Professor Diamond studies democratic development and regime change; U.S. foreign policy affecting democracy abroad.
Amir Banifatemi
XPRIZE Group Lead, AI & Frontier Technologies
Amir is an entrepreneur, investor, and innovation strategist. He leads the AI and Frontiers Technologies Initiatives with the XPRIZE foundation, is a co-founder the AI Commons Initiative, and co-founder and curator of the AI for Good Global Summit with the ITU and UN Agencies. He has managed two venture capital funds and continues to support and advise companies with a focus on exponential technologies and transformation of humanity and society. He advocates democratic access to innovation for all.
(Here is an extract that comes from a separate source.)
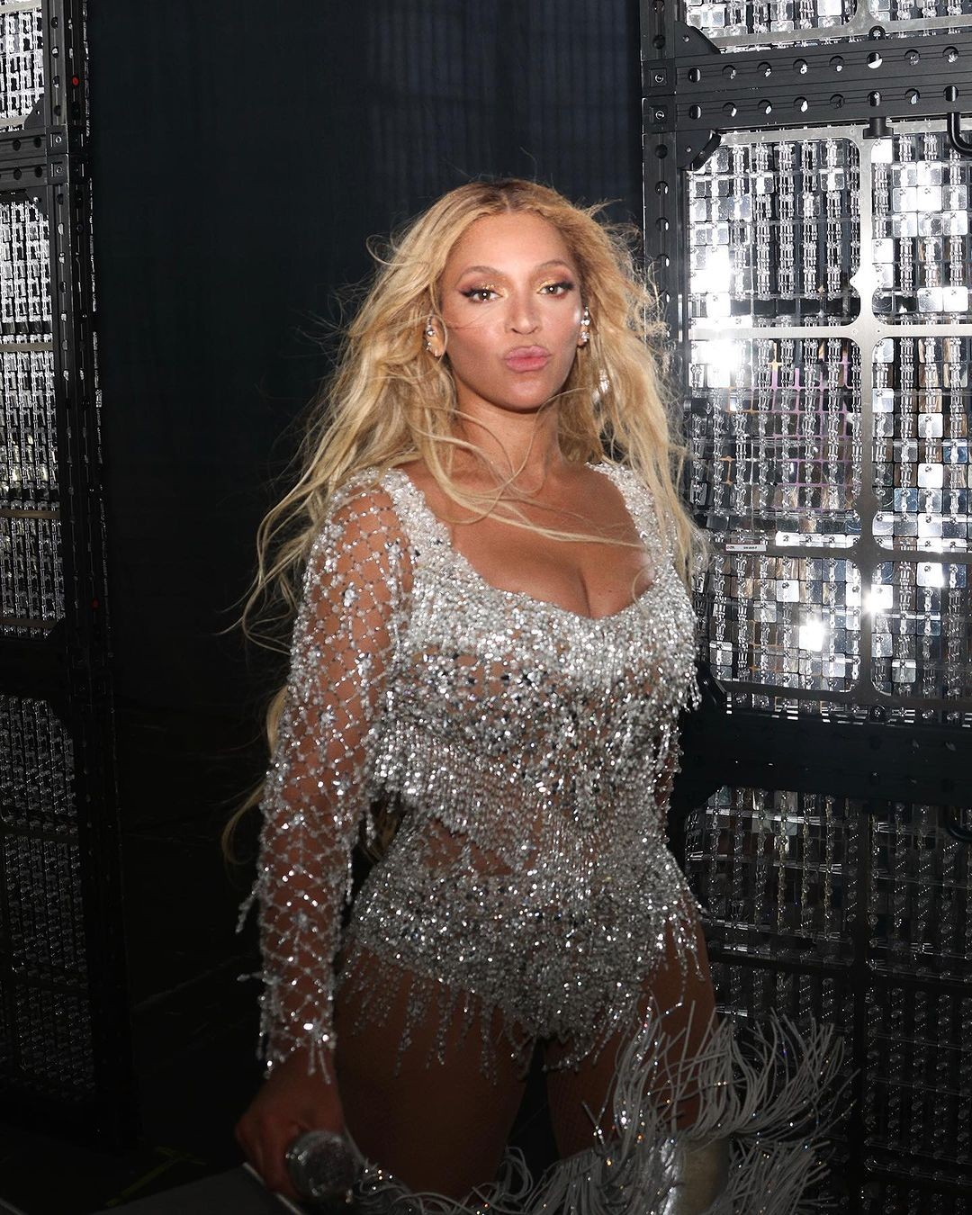 O look da Beyoncé era um body prateado todo bordado e cheio de franjas. A assessoria da PatBO contou que o stylist da cantora foi quem entrou em contato com a marca. E aí, duas peças foram produzidas. A cantora optou pelo body, que demorou nada menos do que 60 dias para ser produzido.
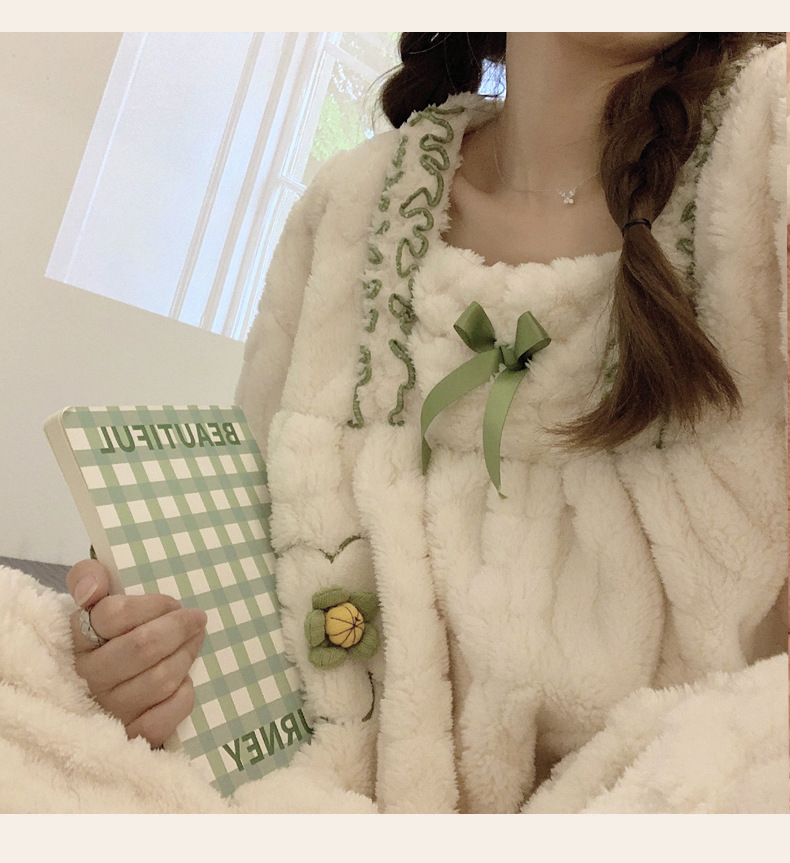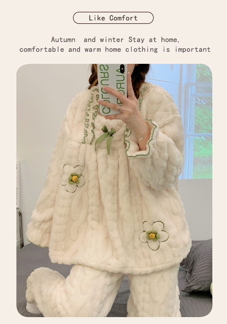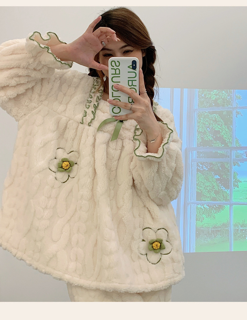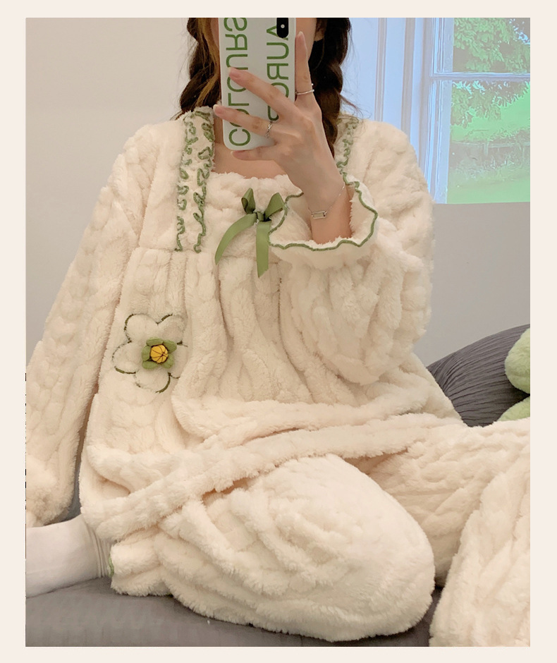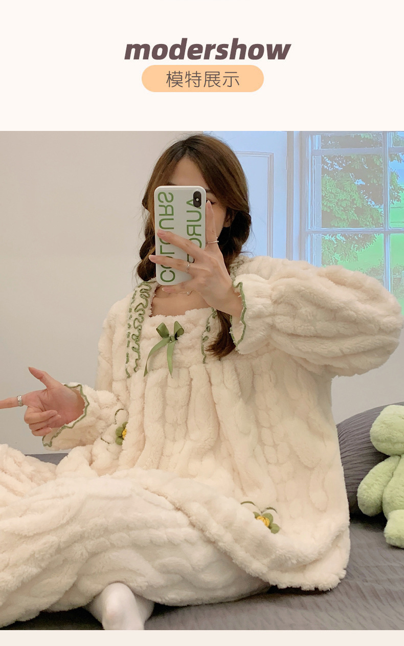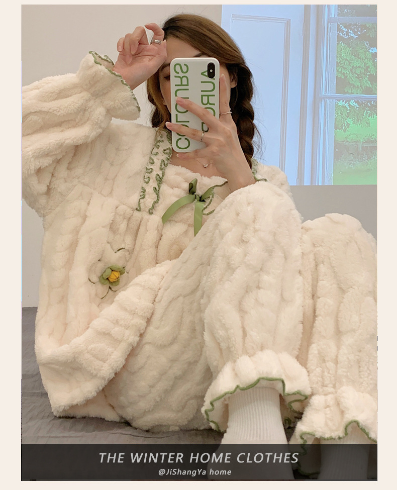 冬季新款睡衣女可爱时尚公主风提花绒保暖舒适感法兰绒套装家居服

Mr. Banifatemi is a regular guest lecturer and adjunct MBA professor at UC Berkeley, Chapman University, Claremont McKenna College, UC Irvine, and HEC Paris.
Michael Martin
XPRIZE Ambassador; Head of Communities at SignalFire
Michael is the Head of Communities at SignalFire, an AI-driven VC firm focussed on early stage investing. He formerly led global community relations at the XPRIZE Foundation, where he also managed the AI XPRIZE. Additionally, he is Co-Founder and Policy Director at Free Machine, a non-profit developing public policies and creative projects for a post-work future.